Choose a reason for hiding this comment

The reason will be displayed to describe this comment to others. Learn more.

Looks pretty good. Do we have to make changes to setup.py and/or CI still?

@lithomas1 lithomas1 changed the title BLD: Setup and enable meson builds via pyproject.toml BLD: Setup meson builds Oct 24, 2022
@lithomas1
Copy link
Member Author

Looks pretty good. Do we have to make changes to setup.py and/or CI still?

Sorry, it looks like I updated the title too eagerly. It looks like the pyproject.toml changes will have to go in with CI changes.

This would turn on meson builds for anyone doing a pip install from main. This is probably fine, since the meson builds pass all the tests anyways.

I don't think there will be any changes needed for setup.py(we'll keep it as a fallback, until we're ready to adopt meson).
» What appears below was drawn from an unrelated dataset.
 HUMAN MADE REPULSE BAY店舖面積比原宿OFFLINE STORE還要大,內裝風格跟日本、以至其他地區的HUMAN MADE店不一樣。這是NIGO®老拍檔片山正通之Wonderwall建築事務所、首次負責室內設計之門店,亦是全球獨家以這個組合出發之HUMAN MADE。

@lithomas1 lithomas1 added this to the 2.0 milestone Oct 24, 2022
@WillAyd
Copy link
Member

WillAyd commented Oct 24, 2022

Is it a lot of effort to make this work for the development process as well? I think I'd prefer we use it consistently all the way through rather than just on install, as there are likely some build differences versus setuptools that we should catch in CI

@eli-schwartz
Copy link
Contributor

There's a couple options here:

  • merge meson.build, developers can use something like SciPy's dev.py to build, install with Meson so that it is importable, and test it, but it cannot be installed with pip or provide pip metadata
  • update pyproject.toml to use meson, and only meson, affects pip install, people can still invoke python setup.py bdist_wheel if they want to build with setuptools
  • delete setup.py, use only meson

Option 2 is the sensible approach for fallbacks, when porting to a new build system. Critically, it relies on setup.py natively supporting this, because...
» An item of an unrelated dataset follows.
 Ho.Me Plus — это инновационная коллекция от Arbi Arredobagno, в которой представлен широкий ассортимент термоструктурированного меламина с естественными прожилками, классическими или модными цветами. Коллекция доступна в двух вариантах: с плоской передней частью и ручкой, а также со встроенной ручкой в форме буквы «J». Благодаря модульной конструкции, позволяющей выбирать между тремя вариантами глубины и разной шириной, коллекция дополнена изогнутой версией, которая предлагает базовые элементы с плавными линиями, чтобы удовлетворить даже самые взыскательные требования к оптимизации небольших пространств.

... pip doesn't allow you to select a backend. Pip doesn't even allow you to ignore pyproject.toml and try the default setuptools (which it would do if you simply delete pyproject.toml before running pip). To add to the awkwardness, setuptools is busy deprecating and hoping to remove all support for a CLI, and the ecosystem around PyPA, pip, and PEP 517 encourages build backends to not provide a frontend, but use tools such as pip or build, which run whatever backend is in pyproject.toml.
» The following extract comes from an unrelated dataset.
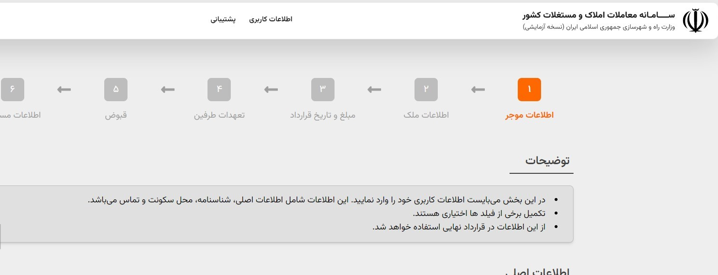 پس از آن با ثبت اطلاعات موجر، اطلاعات ملک، مبلغ و تاریخ قرارداد، تعهدات طرفیت، ثبت قبوض و در نهایت ثبت اطلاعات مستاجر، زمینه دریافت کد رهگیری مهیا خواهد شد.

Supporting multiple build systems during a migration is not something the python ecosystem has tried to take into account, and it cannot be generically expected to work. You have to pray that the build system ignores the hint to rely on pip, and provides its own frontend. Or you could edit pyproject.toml, either by hand or with a small python script, every time you want to switch which one you are trying.

@WillAyd
Copy link
Member

WillAyd commented Oct 24, 2022

Thanks for the input @eli-schwartz . Still a bit unclear to me but is the issue with doing the Option 3 of "only meson" that it doesn't work when doing a pip install?

@eli-schwartz
Copy link
Contributor

Option 3 means you better hope no one reports a bug with the port, because you cannot just tell them to "keep using setuptools for now, and we'll make sure to fix it in the next release". :D

@WillAyd
Copy link
Member

WillAyd commented Oct 24, 2022

If an issue pops up we can just pin or exclude certain versions of meson no? I think there are a lot of disadvantages to maintaining both setuptools and meson as a build backend from a code complexity perspective

@lithomas1
Copy link
Member Author

If an issue pops up we can just pin or exclude certain versions of meson no? I think there are a lot of disadvantages to maintaining both setuptools and meson as a build backend from a code complexity perspective

I think the main problem is that meson/meson-python hasn't cut a release with the necessary fixes to build pandas properly.

As a side note, There is also a nasty issue affecting rebuilds of pandas where the pxi dependencies are not generated(mesonbuild/meson#8961). I have an idea in the works for this though(@eli-schwartz can you comment maybe on my proposed fixes?)

You can basically develop pandas using meson right now though. If you're on my meson-poc branch, you would just need to pip install git+https://github.com/mesonbuild/meson.git@master and pip install git+https://github.com/mesonbuild/meson-python.git@main. Then you can do pip install --no-build-isolation . (editable installs won't work, since pandas is not built inplace anymore)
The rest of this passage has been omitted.